16 February at 0:10 | Open on hachyderm.io

Eric A. Meyer

@bramus @hi_mayank The Pen worked for me in Firefox Nightly, so it appears MDN is accurate on this.

Also, I don’t understand how it works, because your script and style blocks don’t have all the `span`s around highlighted stuff, but the Prism home page’s code blocks do have all those `span`s. So how Prism helps here is completely opaque.

16 February at 1:16 | Open on mastodon.social

Mayank

@Meyerweb @bramus it looks like prism is being used for tokenizing the code before creating ranges.

also damn it's an impressive demo, with the literal `<style>`/`<script>` tags being made visible and highlighted

let tokens = Prism.tokenize(
codeBlock.innerText,
codeBlock.tagName == 'STYLE' ? Prism.languages.css : Prism.languages.javascript
);

16 February at 1:21 | Open on hachyderm.io

Bramus

@hi_mayank @Meyerweb I have prism set up in manual mode, meaning it doesn't automatically kick in.

I then manually call it to tokenize the code. This gives me a bunch of numbers about which token is where and what type it is.

This info is then used to populate the Custom Highlight API.

16 February at 1:28 | Open on front-end.social

Nathan Knowler

@bramus @hi_mayank @Meyerweb I think a next step towards a declarative API—one that doesn’t require JS—would be some way of teaching the browser grammars using something like PEG. Then you could set an attribute on a `<code>` element to specify which grammar you want to be used for it to auto-tokenize and highlight that code block.

16 February at 2:00 | Open on sunny.garden

Bramus

@knowler @hi_mayank @Meyerweb I don’t think that would work.

Which languages do you include? Which versions of those languages? When do these definition files get updated? Would you be able to load your own? …

Reminds me of authors requesting to put jQuery in the browser. Same questions arose.

(We actually got that last thing … not by including jQuery in browsers but by having better JavaScript/DOM APIs nowadays)

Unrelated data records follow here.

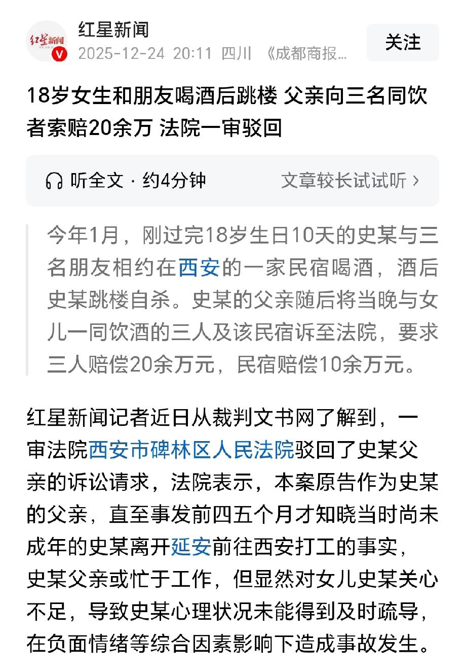 有枣没枣打一竿子!陕西西安,女子刚过完18岁生日,就和三个朋友去民宿喝酒,酒后不慎坠楼身亡。女孩的继父把三个同饮者告上法庭,以没有尽到救助义务,索要20万赔偿。不仅如此,他还把民宿告上法庭,以没有尽到安全保障义务为由,索要10余万元赔偿。法院审理发现,女儿未成年就外出打工,继父竟然后知后觉,他对女儿关心不足,这才造成事故的发生。 2025年1月,刚过完18岁生日没几天的史某,在西安一家民宿里喝完酒,竟然从楼上跳了下去。 等第二天早上8点多被发现时,人已经没了。 得知女儿离世的消息,史某的父亲史先生悲痛欲绝,他把这一切都归咎于一起喝酒的朋友和民宿。 史某是史先生的非婚生女,出事的时候刚满18岁10天,按理说正是青春正好的年纪,怎么会走到这一步? 原来,史某早就没上学了,还没成年的时候就从老家延安跑到西安打工,史先生对此竟然一直不知情,直到案发前四五个月才知道女儿打工的事实。 据一起喝酒的朋友李某介绍,那天是史某主动给他发消息,说自己心情不好,想让他陪着喝酒。 他们四个人在民宿里喝酒的时候,也没发生啥冲突,一直很顺利。 中途李某想走,史某还一直挽留,说她心情不好,希望朋友们能多陪陪她,李某见状也就没好意思硬走。 可他万万没想到,李某他们离开后没多久,就传来了史某坠楼的消息。 李某觉得特别愧疚,要是知道史某有跳楼的念头,他说什么也不会离开。 和李某一起喝酒的吕某、陈某,也和李某持同样的态度,他们都坚持认为,自己没劝史某喝酒,也不知道她会想不开。 意外突然来临,史某的父亲不管三七二十一,直接把三个朋友告上法庭,还把民宿经营者也一并告上法庭。 民宿经营者觉得挺无辜,公安局早就出具了意见,史某是自杀身亡的。 民宿老板表示,史某已经是完全民事行为能力人,该对自己的行为负责。 而且事发的窗户在厨房,得先爬上橱柜台面才能到窗台,民宿的房屋结构、栏杆高度都符合居住标准,也没有规定说民宿必须装护栏,他们已经尽到安全保障义务了。 至于史某是用朋友身份登记入住,民宿没仔细核对信息,这确实是个问题,但这该由行政机关处罚,和史某自杀没有法律上的关系,总不能把人自杀的责任算到他们头上。 史先生这边却不这么想。他觉得,三个朋友既然和女儿一起喝酒,就该照顾好她,眼睁睁看着她出事,肯定要担责。 民宿没看好人,也得赔钱。史先生算了一笔账,向三个朋友索赔207980.9元,向民宿索赔103990.45元,加起来三十多万。 一、史某作为完全民事行为能力人,应当对自身行为后果负责。 《民法典》明确规定:十八周岁以上的公民是成年人,具有完全民事行为能力,可以独立进行民事活动,是完全民事行为能力人。 史某事发时已年满18周岁10天,其对自身行为的性质、后果具备独立判断和预见能力,史某应当明知跳楼会导致死亡结果的发生。 二、共同饮酒人安全注意义务不是索赔依据。 《民法典》第一千一百六十五条规定:行为人因过错侵害他人民事权益造成损害的,应当承担侵权责任。 案例中,现有证据无法证明李某、吕某、陈某存在强迫劝酒、明知史某不能饮酒仍劝酒等过错行为,且史某饮酒后并未处于醉酒失控状态。 李某等人离开时,史某仍能正常表达挽留意愿,无证据显示其当时已丧失自我控制能力。 从因果关系来看,史某的自杀行为是其主观意志主导的独立行为,与共同饮酒行为之间不存在法律上的直接因果关系。 反观案件事实,饮酒系史某主动召集,其因自身负面情绪引发极端行为,责任主体应是其本人。 三、民宿经营者安全保障义务也是有限责任。 《民法典》第一千一百九十八条规定:宾馆等经营场所、公共场所的经营者、管理者,未尽到安全保障义务,造成他人损害的,应当承担侵权责任。 本案中,事发窗户位于厨房,需攀爬橱柜台面才能到达窗台,该结构设计符合普通居住场所的安全标准,且无法律法规强制要求民宿对此类窗户加装护栏。 从风险可预见性来看,民宿经营者无法预见入住者会主动实施跳楼自杀行为,此类极端风险不属于经营场所应防范的“合理风险”。 安全保障义务旨在防范“可预见的、因场所管理缺陷导致的损害”,而非对入住者的所有行为后果承担兜底责任,过度苛责经营者将违背公平原则,也不利于行业正常发展。 反而史先生作为父亲,即便可能是忙于工作,但对女儿的关心确实不够,孩子的心理状况没人及时疏导,负面情绪攒多了,才最终酿成悲剧。 最终,法院驳回了史先生的全部诉讼请求。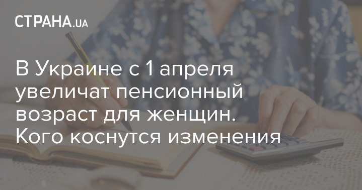 С 1 апреля 2020 года в Украине пенсионный возраст для женщин, родившихся после 1 апреля 1961 года будет повышен до 60 лет.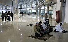 Muslims praying at Srinagar Airport. |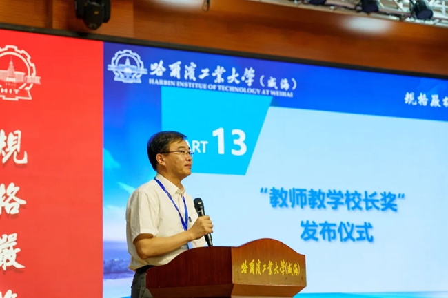 哈工大(威海)副校长姜永远宣读教育教学校长奖设置及评选办法。为激励广大教师坚守育人初心,奋发作为、追求卓越,促进校区人才培养质量不断提高,校区特设立“教育教学校长奖”,包括“教育杰出贡献奖”和“青年教师卓越奖”两个奖项,以表彰在校区建设发展和人才培养过程中作出突出贡献的资深教师和青年教师。“教育教学校长奖”的种子资金和项目资金分别来自徐晓飞等人的教学成果奖奖金和校友捐赠。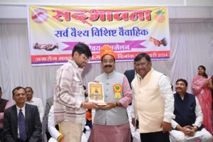 Thecityreportnews@दुर्ग. उप मुख्यमंत्री श्री अरूण साव की मुख्य आतिथ्य में अग्रसेन भवन में सद्भावना सर्व वैश्य समाज द्वारा सातवां वैवाहिक परिचय सम्मेलन का आयोजन किया गया। उन्होंने कार्यक्रम को सम्बोधित करते हुए कहा कि मनुष्य एक सामाजिक प्राणी है। कोई भी व्यक्ति अकेला नहीं रह सकता। जो लोग समाज या परिवार में रहते हैं वे इसलिए रहते हैं कि उन्हें एक दूसरे की सहायता की आवश्यकता होती है। व्यक्ति से परिवार, परिवार से समाज, समाज से शहर, राज्य और राष्ट्र बनता है। जो व्यक्ति हमें सुख-दुख में साथ दे उसे समाज कहते हैं।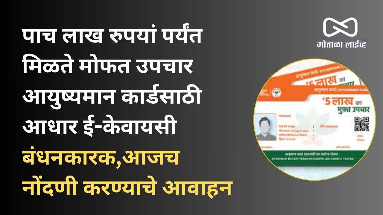 पात्र लाभार्थी यांनी आशासेविका, स्वस्त धान्य दुकानदार, नागरी सुविधा केंद्र (CSC), आरोग्य कर्मचारी, आरोग्य मित्र आणि प्राथमिक आरोग्य केंद्र व आरोग्य उपकेंद्र, शासकीय, निम शासकीय, तसेच खाजगी रुग्णालयांत फक्त आधार ई-केवायसी करावी लागणार आहे. आयुष्यमान भारत योजनेअंर्तगत आधार ई-केवायसी न केलेल्या पात्र लाभार्थ्यांनी लवकरात लवकर ई-केवायसी करुन घ्यावी.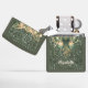 Personalized lighter features beautiful AI generated digital art design of a Steampunk butterfly in greens on a vintage ornate vines background. Add name or monogram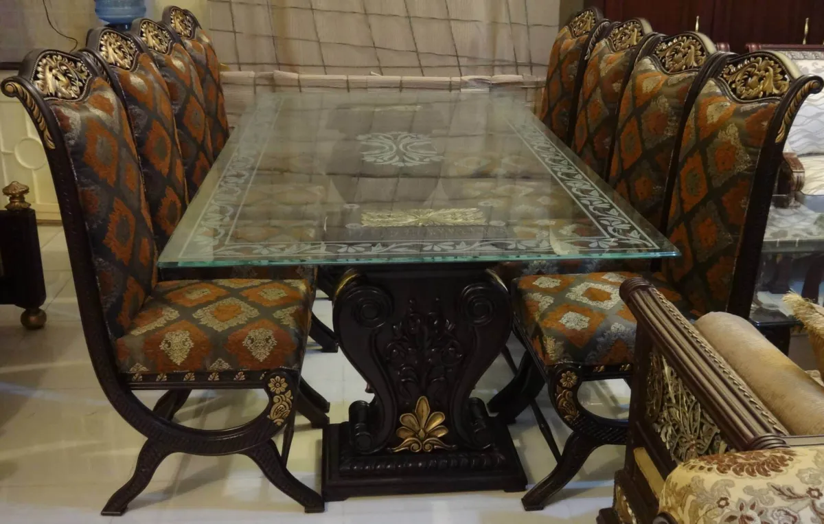 The Chinioti Dining Table Set DTS2 is a spectacular display of traditional craftsmanship from the heart of the Chiniot furniture market. This set is defined by its high-relief floral carvings, which are meticulously hand-carved from seasoned Sheesham wood to ensure a lifetime of durability. The table stands on a magnificent heavy-pedestal base, making it a sturdy and grand centerpiece of wooden simple chiniot furniture that transforms any dining room into a royal hall.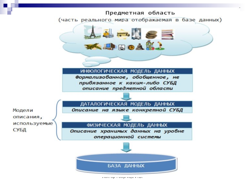 иерархические, сетевые, реляционные; объектно-ориентированные СУБД.
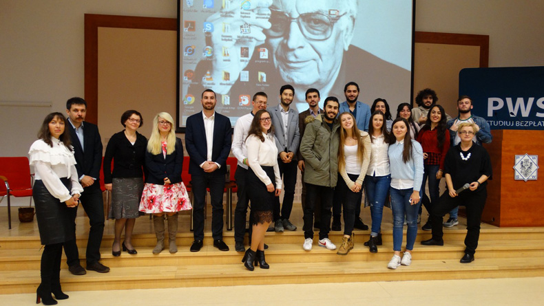 7 listopada, na 30 lecie programu Erasmus+ uczelnia zorganizowała Międzynarodowy Dzień Erasmusa przy udziale i wsparciu prorektora ds. rozwoju i współpracy dr. Sławomira Soleckiego. Studenci i uczniowie przemyskich szkół usłyszeli historie studentów z różnych krajów. Turcy, Elif Bilen i Ozgur Direk przedstawili historię i kulturę swojego kraju. Agnieszka Gurba i Zoriana Kindrat opowiedziały o czasie spędzonym na uniwersytecie Egerze, o podróżach poza Węgry w wolnym czasie a także o studiowaniu na Węgrzech wraz z Zsoltem Biczo, który z uczelni węgierskiej przyjechał studiować w ramach programu Erasmus+ do PWSW. Agnieszka Bieniek-Wydrzyńska opowiedziała o życiu w Macedonii i studiowaniu na uniwersytecie w Stipie i wysokim poziomie nauczania na macedońskiej uczelni, a także o tym, jak trudno w Macedonii o … warzywa! Studentki stosunków międzynarodowych, Nataliia Yurchyk, Diana Babunych i Yuliia Kubrak przeniosły gości do gorącej Portugalii, wspominając liczne wyprawy organizowane przez partnerską dla przemyskiej uczelni w Bradze i życzliwości Portugalczyków, którzy bardzo chętnie pomagają turystom i studentom. Oleksandr Shulhin, student mechatroniki, przeniósł nas do tureckiego Corum, w którym nie tylko studiował, ale i uczestniczył w życiu studenckim, ucząc się tureckich tańców i reprezentując uczelnię w licznych projektach wolontariatu organizowanych na terenie Turcji. Zaproszeni goście poznali również historię Mahmouda Nasefa z Egiptu, którego wiosna arabska zmusiła do wyjazdu z rodziną do Turcji, gdzie dziś studiuje stosunki międzynarodowe, z powodzeniem ucząc się języków obcych. Państwowa Wyższa Szkoła Wschodnioeuropejska, nazwa, którą nauczył się wymawiać z perfekcyjną starannością, nie stanowi dla niego wyzwania! Młody Egipcjanin był ciekaw, czy zebrani goście znają współczesne postacie kultury i polityki z Egiptu (prof. Jerzy Jarzębski, wykładowca kierunku filologia polska ratował honor zebranych, wymieniając zapomnianą gwiazdę kina Omara Sharifa), chętnie dzieląc się swoją trudną historią uchodźcy, z sukcesem funkcjonującym dziś na tureckiej uczelni i korzystającym z programów wymiany międzynarodowej wraz ze swoim przyjacielem, Azerem Karimem Karimli, który opowiedział zebranym historię Azerbejdżanu, zbliżoną w swej tragiczności do historii Polski – również podlegającej zaborom z ogromną diasporą żyjącą poza granicami kraju.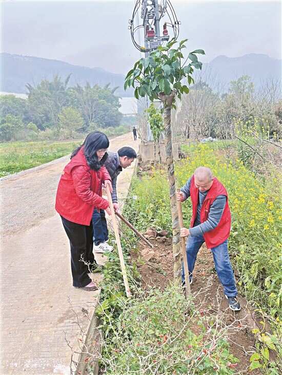 为进一步打造家在景中、人在绿中的绿美乡村景象,欧阳春霞协助村委深入推进“一名党员一棵树,一个支部一片林”绿美行动,围绕村旁、路旁、水旁等零星荒地和危房拆除后种上风景树。活动中,欧阳春霞联系社会力量参与上坣村绿美建设,一位社会爱心人士捐赠250株红叶石楠。
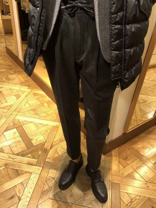 ニットを合わせたリラックススタイルにはドローコードパンツが相性抜群。足元はスニーカーでもOKですが、ここはカジュアルにも使いやすい<PARABOOT(パラブーツ)>で大人カジュアル仕様。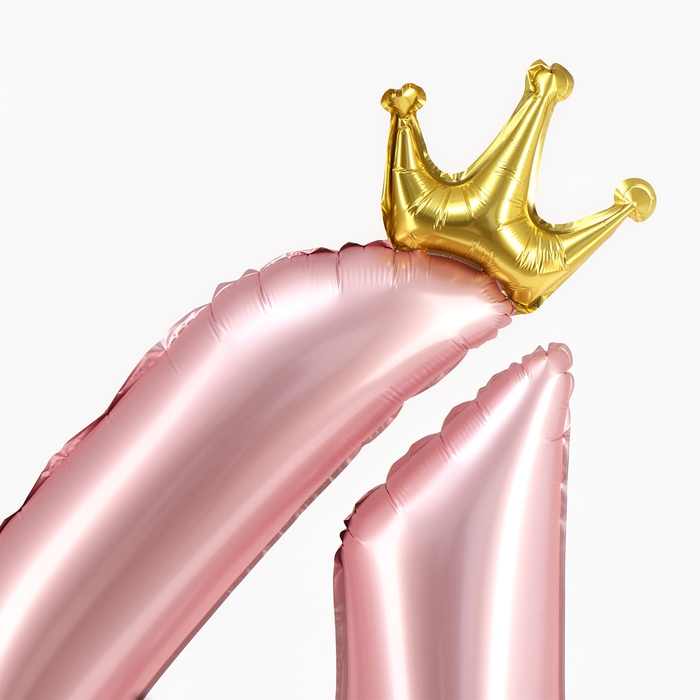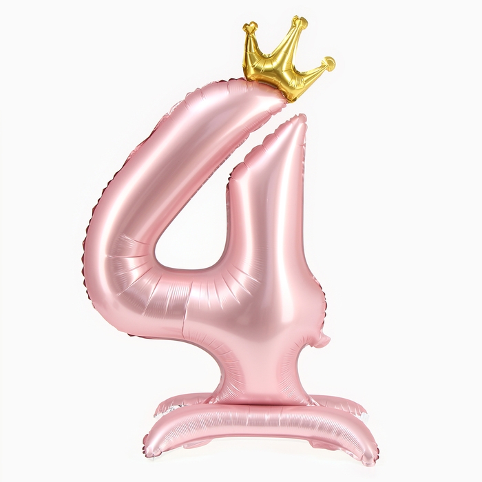 Шар фольгированный 42" «Цифра 4 с короной» на подставке, цвет розовый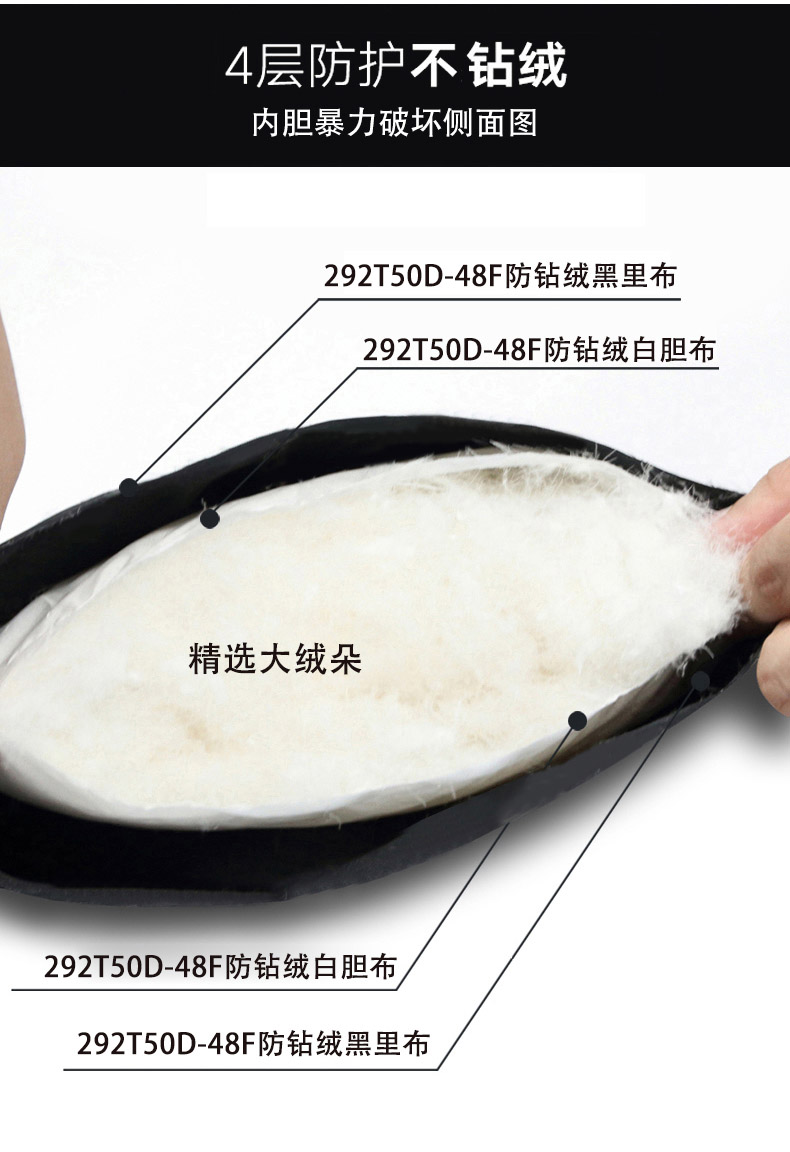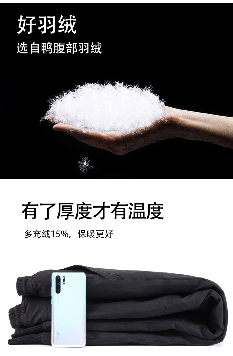 内里填充优质80%白鸭绒,多层隔舱充绒,告别钻绒的烦恼,细节处也做了改良,后袋改为了隐藏式拉链口袋设计,置物方便,秋冬季可直接单穿,保暖不臃肿。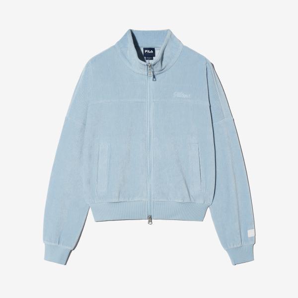 The FILA Velour Track Top is a women's track top made from soft yet firm ribbed velour material. Its semi-crop length design pairs well with bottoms and makes it suitable for both sporty and fashionable looks. This product can be worn from the transitional season to early winter and is useful for both active activities and daily wear. It is available in the color LBU (Light Blue).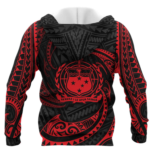 Samoa Polynesian Hoodie - Red Tribal Wave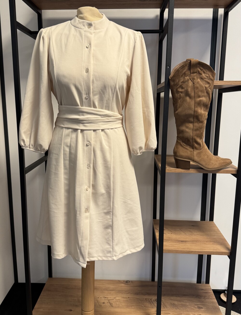Prachtige zand doorknoopjurk met driekwart mouw 98 cm lang (Extra foto komt z.s.m)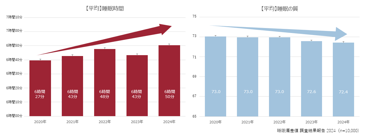 2024年の有職者1万人を対象とした「睡眠偏差値調査2024(以下「本調査」)」において、日本における平均睡眠時間は6時間50分と、過去5年の調査において最も長い時間となり、調査開始時の2020年と比較すると23分睡眠時間は増加しています。しかし、依然としてOECD加盟国の平均睡眠時間である8時間28分と比較すると著しく短く、日本の睡眠は世界でも最低水準であると言えます。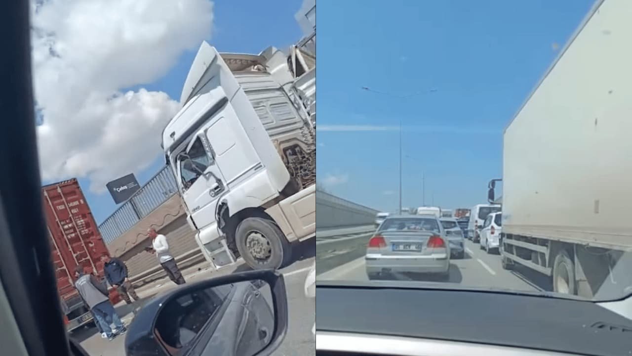 Çarpışmanın etkisiyle tırlarda küçük çaplı maddi hasar oluştuğu öğrenildi.

16 February at 2:26 | Open on front-end.social

Mayank replied to Bramus

@bramus @knowler i think it could still work for the languages of the web - HTML, CSS, JS. the browser already understands these and even has syntax highlighting implemented inside devtools

16 February at 2:32 | Open on hachyderm.io

Nathan Knowler replied to Bramus

@bramus @hi_mayank @Meyerweb That’s kinda why I’m suggesting supporting grammars provided by the author instead of the browser supporting a set of languages out of the box. It’d be language/dialect/version agnostic. The browser would use it to generate parsers to use internally for tokenizing blocks of text. The author could link to a grammar, give it a name, then when they want to use it for a code block just tell it to use that named grammar.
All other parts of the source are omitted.